A new chapter: Bookstore nearly half-a-century-old now an apparel outlet

Owner of another bookshop blames dwindling culture of reading.

PESHAWAR:
A popular garment store has replaced what was once the city’s largest bookshop.

Saeed Book Bank shut down in February 2011 after nearly 45 years when its owner shifted to Islamabad, but the signboards remained for about three years following its closure. In July this year, renovations began for what would become an apparel shop in August. The clothing store was earlier housed on the upper storey of the same building.

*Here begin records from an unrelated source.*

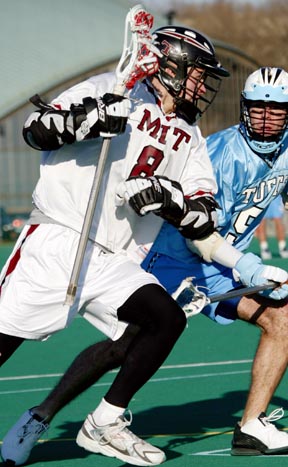 Thomas V. Hennessey III ’05 tries to swing around a Tufts opponent toward the net. Hennessey scored one goal and had an assist in the Engineers’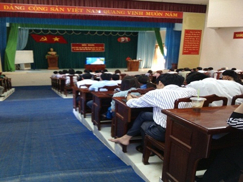 | Cán bộ đảng viên tham gia học trực tuyến |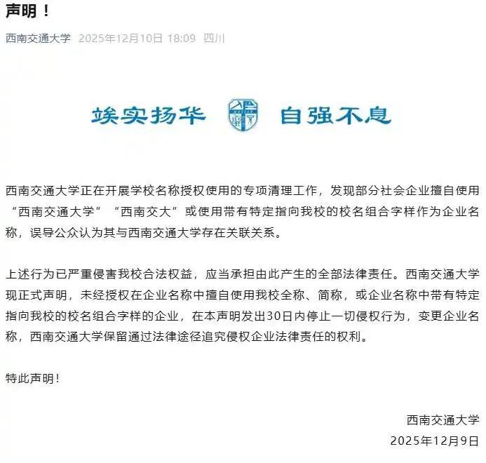 2025年12月10日,西南交通大学发表声明称,该校正在开展学校名称授权使用的专项清理工作,发现部分社会企业擅自使用“西南交通大学”“西南交大”或使用带有特定指向该校的校名组合字样作为企业名称,误导公众认为其与西南交通大学存在关联关系。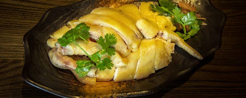 白切鸡:先用开水将鸡煮熟,用姜葱蒜熬成的酱汁浇于煮好的白鸡上面,口感舒脆。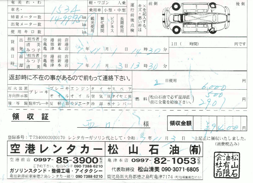 最後に飛行機とレンタカーについて書いておきましょう。 そして↓がレンタカーの貸渡契約書。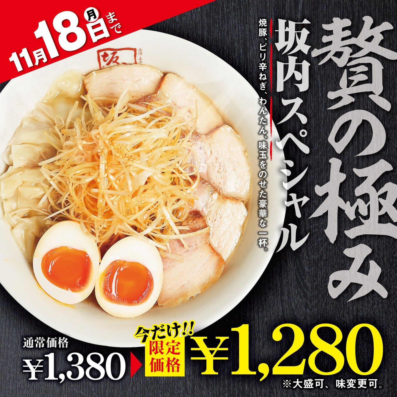 グランドメニューの「喜多方ラーメン」に「ピリ辛ねぎ」「味付玉子」「わんたん(6個)」トッピングを追加すると合計金額は1,380円となりますが、期間中は多くの方に召し上がっていただきたい想いから、1,280円でご提供いたします!さらに坂内公式アプリ会員様へは100円引きクーポンもプレゼント。 わがままを叶えたようなスペシャルな一杯は季節の変わり目のパワーチャージにぴったりです。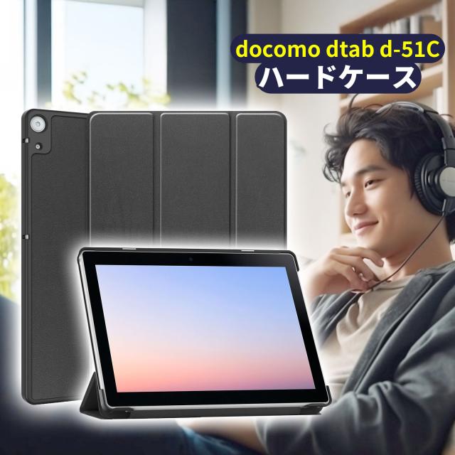 docomo dtab d-51C 10.1インチ タブレット カバー ハードケース 保護カバー ケース カバー 全面保護 二つ折りスタンド 擦り傷防止 耐汚れ 軽量 シンプル オシャレ ブラック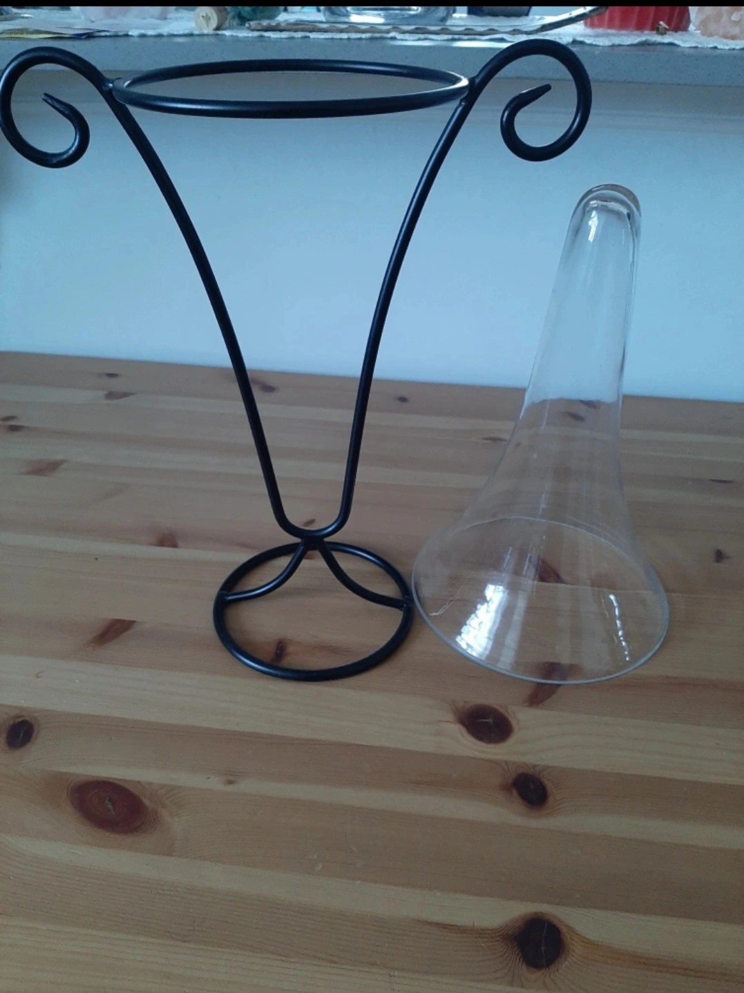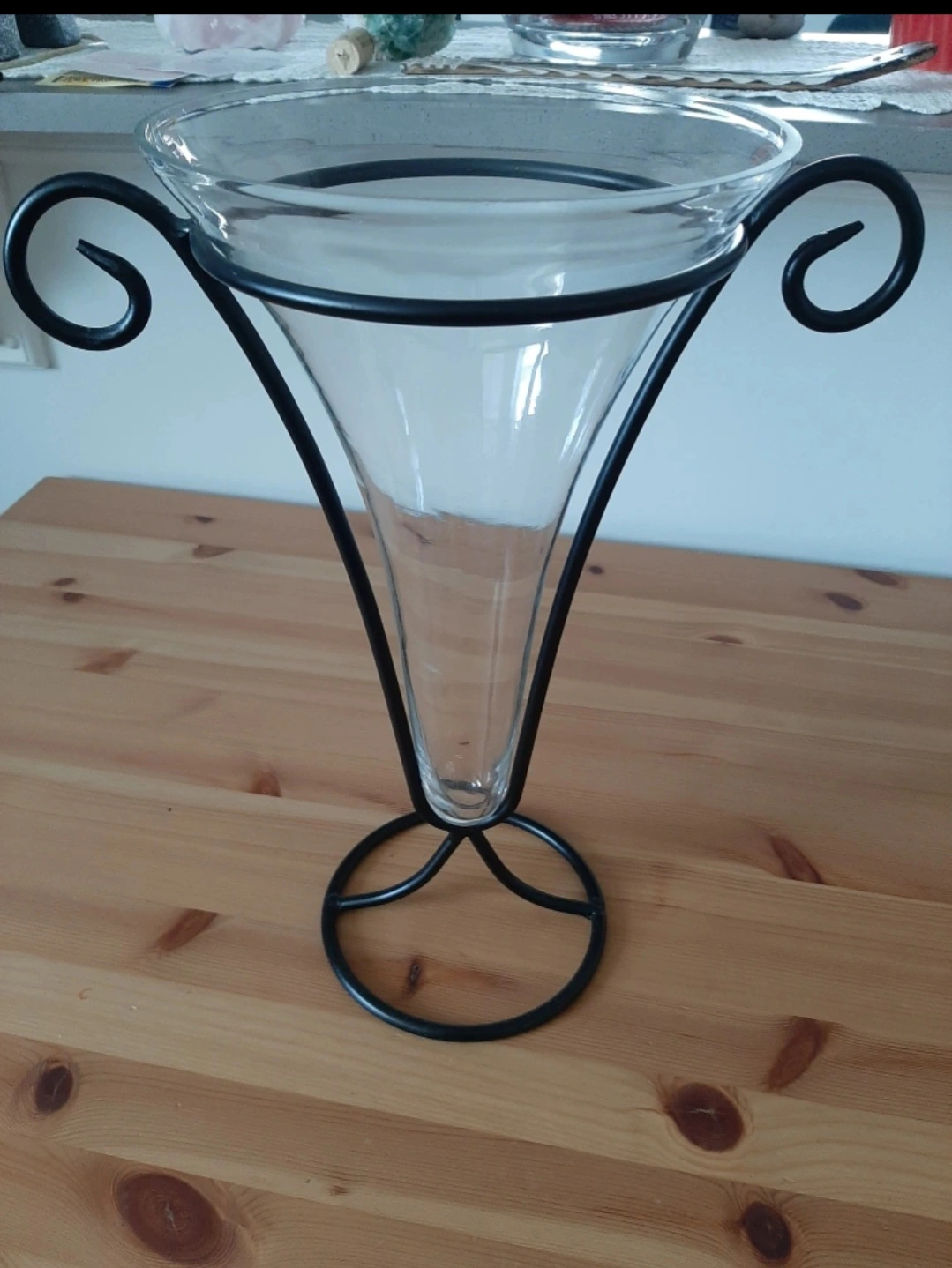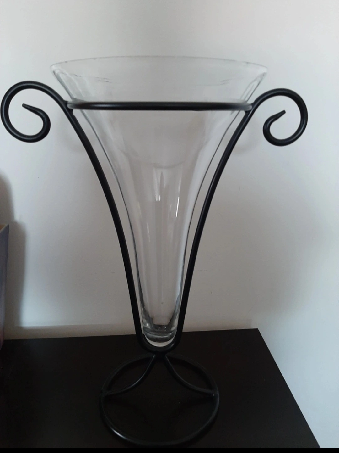 Selling a lovely glass vase with a black metal stand. It's in great condition and would look beautiful with flowers or as a decorative piece in your home. The glass is clear and the stand has a nice, sturdy design. Perfect for adding a touch of elegance to any room!

The bookstore was forced into closure due to dwindling sales. Soon after, Maktaba Sarhad, one of the oldest bookstores of the provincial capital, followed suit. Located in Khyber Bazaar, Maktaba Sarhad ultimately started selling the books at half the price and began dealing in electronics instead.

Another dealer of second-hand books on University Road also had to relocate his business to less expensive premises. Its owner, Zaki Ahmed Pirzada attributed this to the dwindling reading culture. He said leisure reading, in particular, ceased to be a pastime.


Pirzada maintained people became obsessed with the internet, movies and cell phones, with reading no longer an attraction in the “digitized world”. He added people were happy to pay Rs100 for a compact disc, but would not do the same for a copy of a classic novel.

The bookstore’s owner said he had to relocate his shop from University Road to a gloomy corner of a plaza owing to skyrocketing rent, claiming fashion outlets sprang up and sharply drove upwards the demand of shops.

Pirzada urged the government to reduce taxes on books, besides reducing the cost of printing, to encourage people to read. A city of over three million inhabitants, Peshawar has not seen any new bookstores in the past several years.

Published in The Express Tribune, September 3rd, 2014.